--- What the task requires ---
Go through the listing below and output exactly the line with "Perfectly positioned at", the line with "移动去程路由是从北京网口出去,经过香港节点后到达大阪机房。", and each line between; omit the rest.

--- Input data ---
..........
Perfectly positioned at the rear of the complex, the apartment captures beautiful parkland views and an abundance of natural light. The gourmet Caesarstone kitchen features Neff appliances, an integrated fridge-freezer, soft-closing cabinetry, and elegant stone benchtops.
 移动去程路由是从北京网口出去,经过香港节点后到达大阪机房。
..........
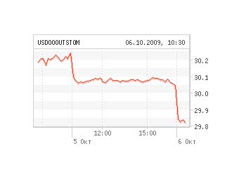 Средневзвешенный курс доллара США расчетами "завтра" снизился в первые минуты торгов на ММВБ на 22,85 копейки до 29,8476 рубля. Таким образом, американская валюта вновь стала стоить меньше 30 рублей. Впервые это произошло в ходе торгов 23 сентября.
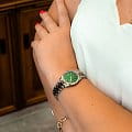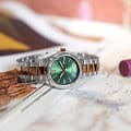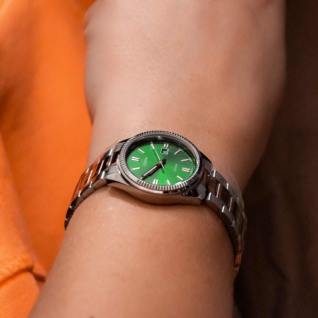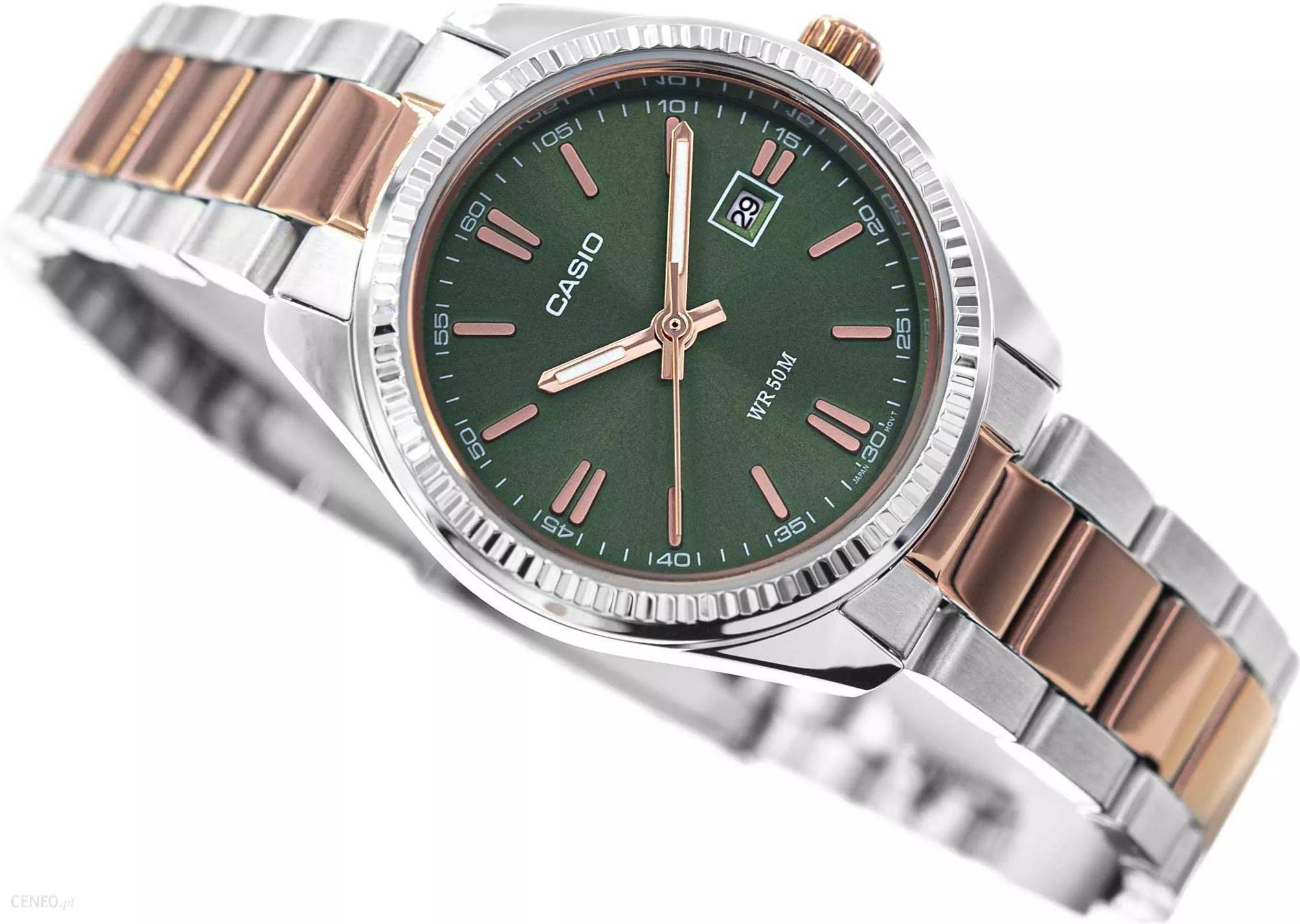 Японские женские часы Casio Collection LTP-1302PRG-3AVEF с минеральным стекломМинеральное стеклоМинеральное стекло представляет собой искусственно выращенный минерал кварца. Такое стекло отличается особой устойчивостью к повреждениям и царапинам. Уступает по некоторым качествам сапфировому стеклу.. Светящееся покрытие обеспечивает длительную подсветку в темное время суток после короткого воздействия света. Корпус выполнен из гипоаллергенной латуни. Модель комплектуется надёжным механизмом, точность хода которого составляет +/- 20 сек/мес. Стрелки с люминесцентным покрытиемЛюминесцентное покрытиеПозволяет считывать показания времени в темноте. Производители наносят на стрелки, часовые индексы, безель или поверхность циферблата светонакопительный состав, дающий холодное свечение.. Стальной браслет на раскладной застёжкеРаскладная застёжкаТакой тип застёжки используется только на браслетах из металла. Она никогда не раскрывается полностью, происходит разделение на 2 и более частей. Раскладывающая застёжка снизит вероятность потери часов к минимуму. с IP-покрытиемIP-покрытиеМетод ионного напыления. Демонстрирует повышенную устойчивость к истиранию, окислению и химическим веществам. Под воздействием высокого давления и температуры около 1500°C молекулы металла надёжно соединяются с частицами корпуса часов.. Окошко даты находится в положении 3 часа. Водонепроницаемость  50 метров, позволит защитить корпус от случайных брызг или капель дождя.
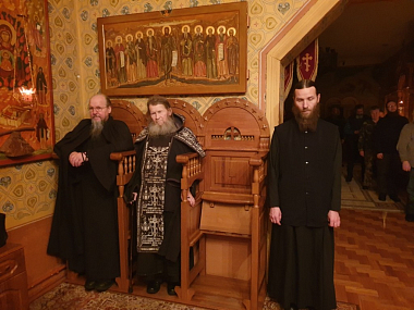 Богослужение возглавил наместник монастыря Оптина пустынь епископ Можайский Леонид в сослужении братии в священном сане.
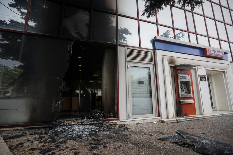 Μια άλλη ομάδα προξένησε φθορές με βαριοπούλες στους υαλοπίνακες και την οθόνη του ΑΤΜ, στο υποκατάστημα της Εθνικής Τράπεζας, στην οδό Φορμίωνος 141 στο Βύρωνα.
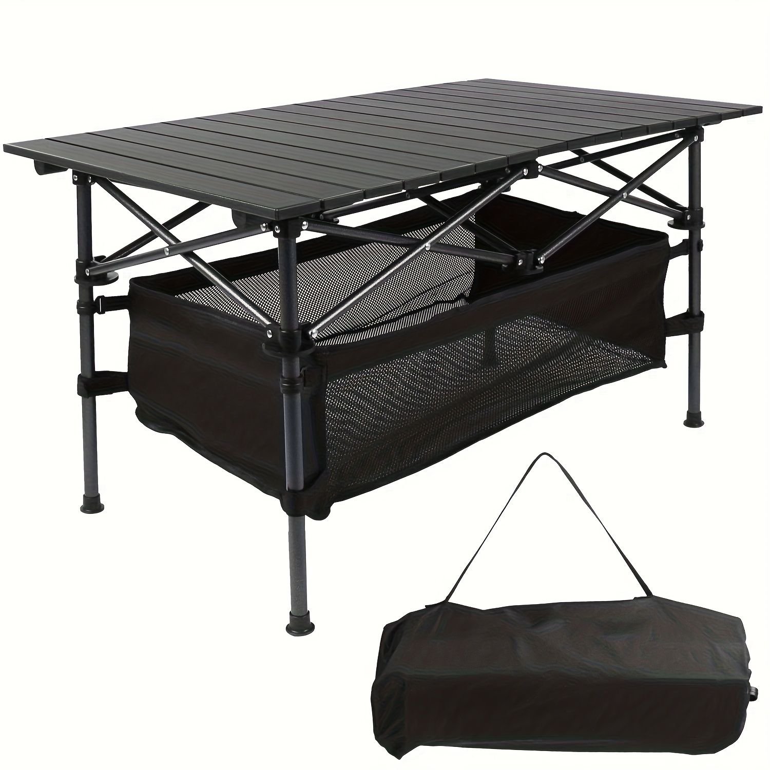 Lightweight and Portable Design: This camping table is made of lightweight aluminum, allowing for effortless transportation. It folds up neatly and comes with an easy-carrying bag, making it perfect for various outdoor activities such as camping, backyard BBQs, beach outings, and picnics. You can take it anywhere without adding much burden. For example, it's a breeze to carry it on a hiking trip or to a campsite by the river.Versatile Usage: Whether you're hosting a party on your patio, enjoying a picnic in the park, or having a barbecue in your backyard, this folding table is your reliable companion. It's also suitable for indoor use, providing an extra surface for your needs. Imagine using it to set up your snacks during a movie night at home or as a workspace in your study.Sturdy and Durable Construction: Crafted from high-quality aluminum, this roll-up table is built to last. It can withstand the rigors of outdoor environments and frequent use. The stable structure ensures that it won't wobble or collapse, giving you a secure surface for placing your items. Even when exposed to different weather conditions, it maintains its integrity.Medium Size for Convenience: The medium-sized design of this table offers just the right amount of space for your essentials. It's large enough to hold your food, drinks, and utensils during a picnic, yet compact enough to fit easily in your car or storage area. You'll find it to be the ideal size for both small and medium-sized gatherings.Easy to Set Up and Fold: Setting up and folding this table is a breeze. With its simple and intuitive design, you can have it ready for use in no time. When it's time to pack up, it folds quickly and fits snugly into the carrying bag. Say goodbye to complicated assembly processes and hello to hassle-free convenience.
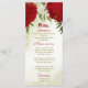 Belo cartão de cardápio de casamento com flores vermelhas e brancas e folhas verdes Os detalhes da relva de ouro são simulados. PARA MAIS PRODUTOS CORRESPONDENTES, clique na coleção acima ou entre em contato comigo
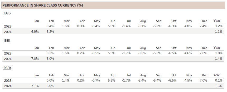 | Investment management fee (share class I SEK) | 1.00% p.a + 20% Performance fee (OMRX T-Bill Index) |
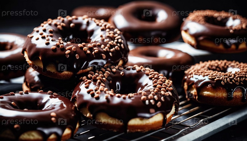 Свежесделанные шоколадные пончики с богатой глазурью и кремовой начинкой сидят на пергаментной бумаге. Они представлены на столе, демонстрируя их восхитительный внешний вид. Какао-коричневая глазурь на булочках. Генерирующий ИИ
..........
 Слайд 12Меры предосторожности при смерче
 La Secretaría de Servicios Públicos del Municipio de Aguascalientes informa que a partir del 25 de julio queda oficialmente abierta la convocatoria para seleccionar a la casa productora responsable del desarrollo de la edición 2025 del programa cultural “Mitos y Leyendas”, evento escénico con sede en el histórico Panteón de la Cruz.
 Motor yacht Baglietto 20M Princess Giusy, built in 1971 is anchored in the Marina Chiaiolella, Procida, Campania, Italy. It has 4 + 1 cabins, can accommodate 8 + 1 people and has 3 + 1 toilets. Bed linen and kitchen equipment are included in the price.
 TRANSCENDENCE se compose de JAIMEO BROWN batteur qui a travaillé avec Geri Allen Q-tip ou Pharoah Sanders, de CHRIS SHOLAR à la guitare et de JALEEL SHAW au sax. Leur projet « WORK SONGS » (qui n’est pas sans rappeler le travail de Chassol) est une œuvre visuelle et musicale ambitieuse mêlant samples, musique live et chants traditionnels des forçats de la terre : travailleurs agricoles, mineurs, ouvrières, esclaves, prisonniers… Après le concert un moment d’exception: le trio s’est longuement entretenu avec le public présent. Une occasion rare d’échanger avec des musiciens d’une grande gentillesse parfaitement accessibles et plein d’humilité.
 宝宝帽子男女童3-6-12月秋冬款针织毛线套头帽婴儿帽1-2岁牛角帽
..........
--- Solution for this problem ---
Perfectly positioned at the rear of the complex, the apartment captures beautiful parkland views and an abundance of natural light. The gourmet Caesarstone kitchen features Neff appliances, an integrated fridge-freezer, soft-closing cabinetry, and elegant stone benchtops.
 移动去程路由是从北京网口出去,经过香港节点后到达大阪机房。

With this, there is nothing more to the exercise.